African Journal of Health Sciences, Vol. 15, No. 1-2, Jan-Mar, 2007, pp. i-iii

EDITORIAL 

The essence of leadership in health development

Dr Joses Muthuri Kirigia

Manager, Health Financing and Social Protection Programme, World Health Organization Regional Office for Africa Email: kirigiaj@afro.who.int

Eight years after the United Nations Millennium Declaration of 2000 [1], most countries in Africa are not on track to achieve the health-related Millennium Development Goals (MDGs) by 2015 [2]. The slow progress has been largely attributed to inability of the national health systems (NHSs) to ethically [3], equitably [4], effectively and efficiently [5] perform their functions of stewardship, health financing, resource/input creation and quality public health services provision to tackle the double burden of communicable and non-communicable diseases.
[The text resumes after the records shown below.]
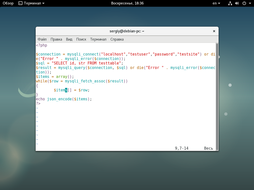 Теперь, чтобы убедиться что все работает, мы попытаемся получить данные из mysql через PHP. Для этого создадим небольшой скрипт. Он будет подключаться к базе данных и читать по порядку записи из таблицы:
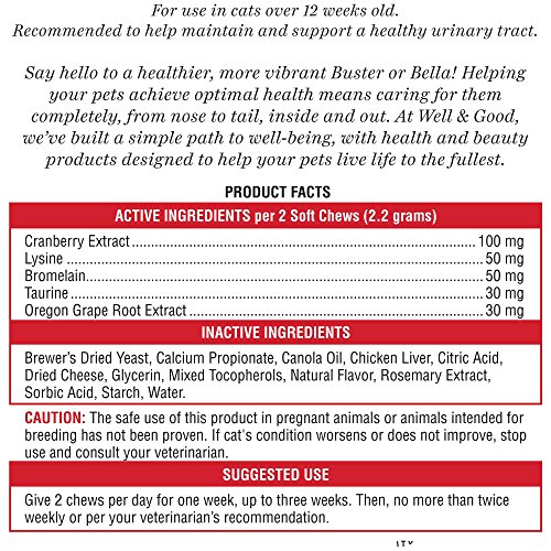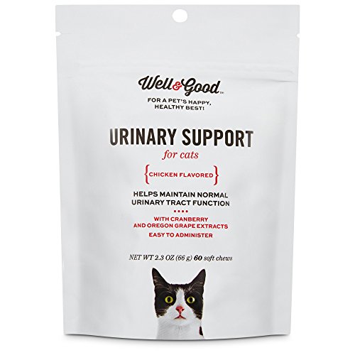 -. Binding : Misc. -. Brand : Well & Good -. EAN : 0800443981917 -. Feature : Helps maintain normal urinary tract function / Exceptional taste and high quality ingredients / Made with cranberry and oregon grape extracts / This item qualifies for free-shipping on Amazon.com for! Expires 7/13 11:59pm -. Label : Well & Good -. Manufacturer : Well & Good -. MPN : 44398191 -. PackageQuantity : 60 -. PartNumber : 44398191 -. ProductGroup : Pet Products -. ProductTypeName : PET_SUPPLIES -. Publisher : Well & Good -. Studio : Well & Good -. Title : Well & Good Urinary Support Cat Chews, Pack of 60 chews -. UPC : 800443981917
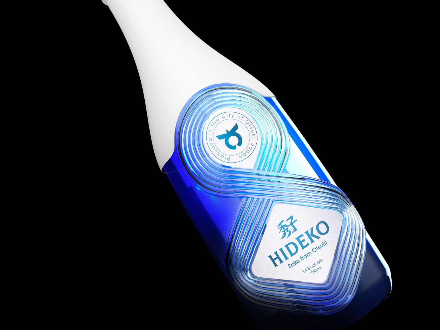 Global design concept for a Japanese sake bottle for the HIDEKO brand including the creation and graphics of two labels and the design of the sake bottle.

The unsatisfactory performance of NHSs has also been partly attributed to the dearth of national health research systems (NHRSs) capacity [6] to generate and innovatively disseminate [7] pertinent research results needed by public health policy-makers to develop, implement, monitor and evaluate appropriate ameliorative policy interventions.

The performance of NHSs largely hinges on the effectiveness of public health leadership at household, community, district, provincial and national levels. What is leadership? In public health context, leadership is the capability to influence actions and attitudes of other people to achieve specific health development objectives [8] in a dynamic cultural, demographic, epidemiological, technological [9] and socio-economic environment.
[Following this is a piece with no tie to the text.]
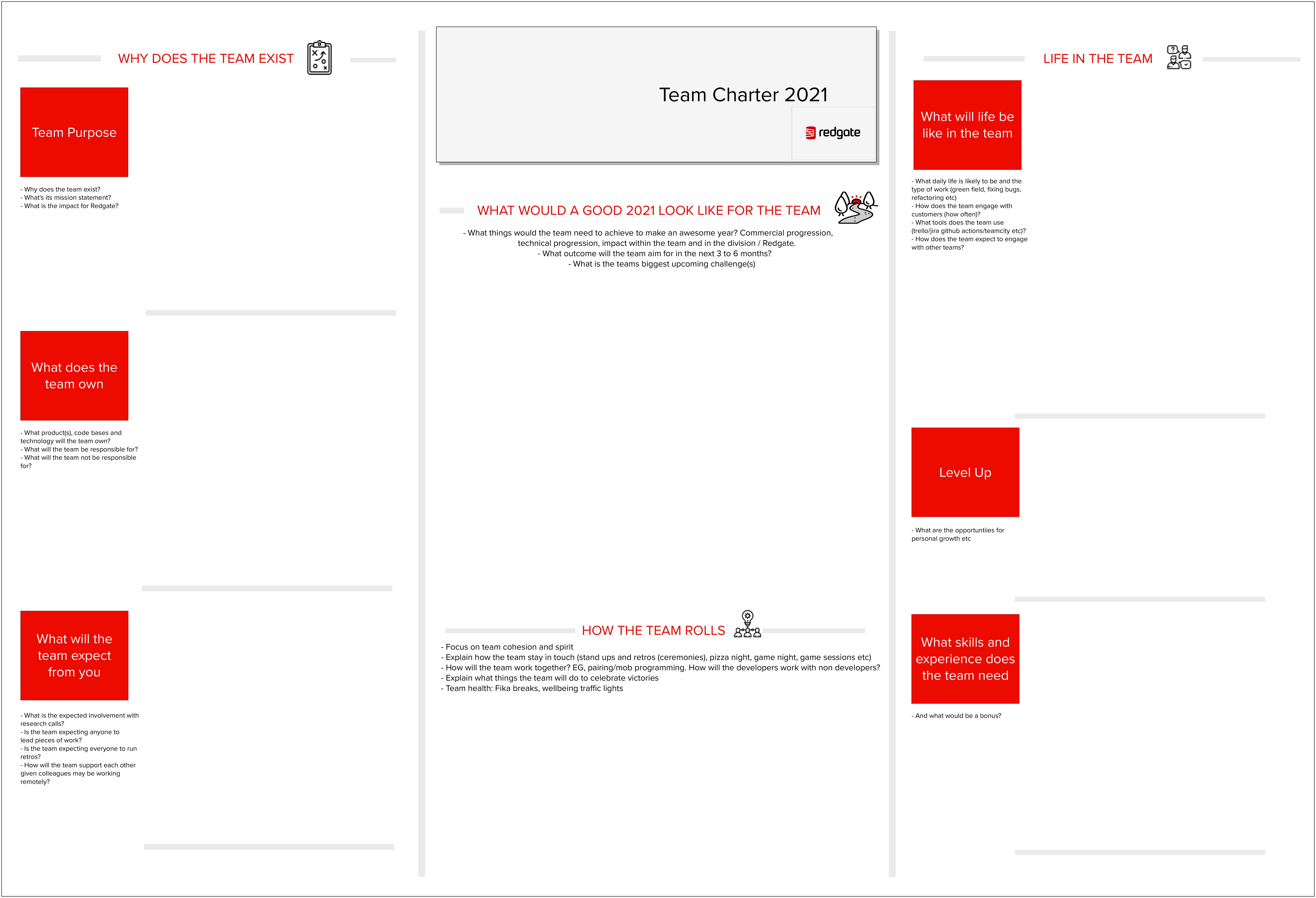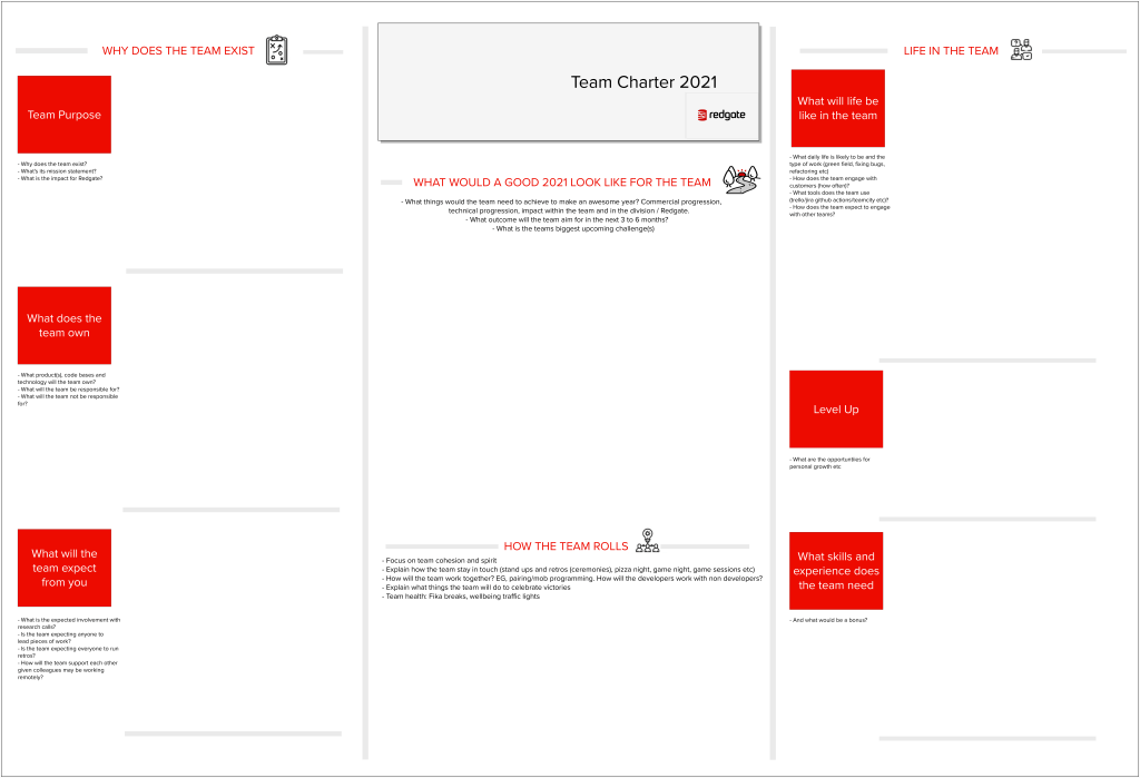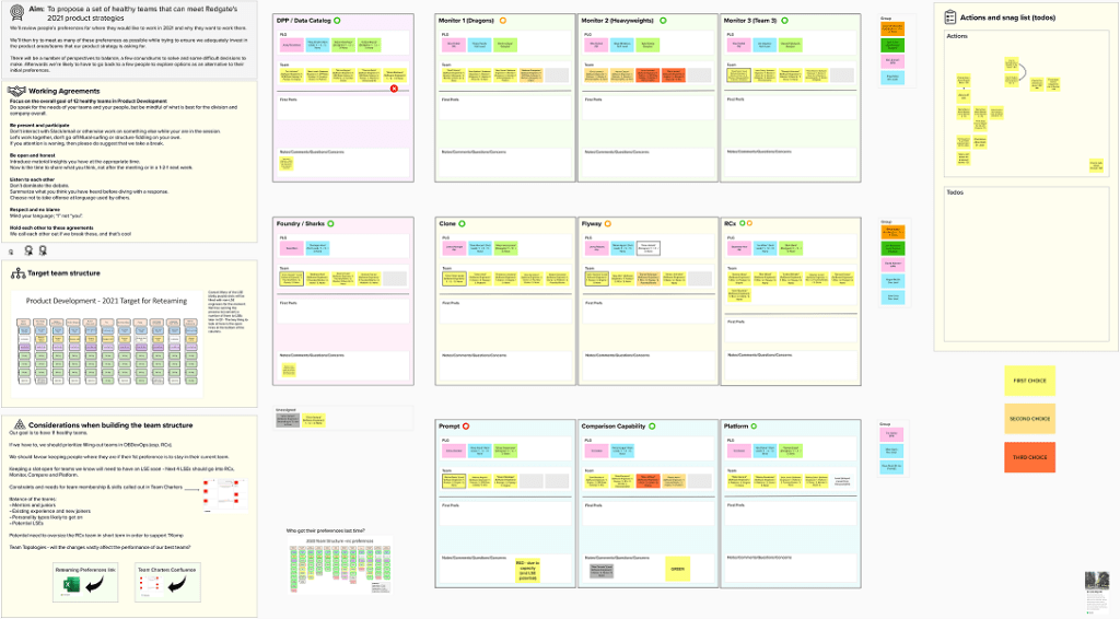 In January 2021 Redgate’s Product Development organisation embarked on our annual “reteaming” process to reconfigure how our teams are assigned to reflect the company’s 2021 strategy and plans. For the last 3 years, our approach to these team changes has been to allow people to strongly influence where in the new team structure they will work, encouraging them to move towards the work they find most engaging. This year, for the first time, we had to run reteaming as a fully-remote process.

What do leaders do? The leaders (i) set direction for health development (i.e. vision and strategies for achieving it); (ii) align followers by communicating the new direction; and (iii) motivate and inspire (capture hearts, minds and souls) followers by satisfying human needs, i.e. physiological needs, safety needs, social needs, esteem/ego needs and self-fulfillment needs [10]; (iv) protect the organization by letting it to feel external pressures within a range it can withstand; (v) provide orientation by challenging current roles and resisting pressure to define new roles quickly; (vi) manage conflict by exposing it or letting it to emerge; and (vii) shape norms by challenging unproductive norms [11].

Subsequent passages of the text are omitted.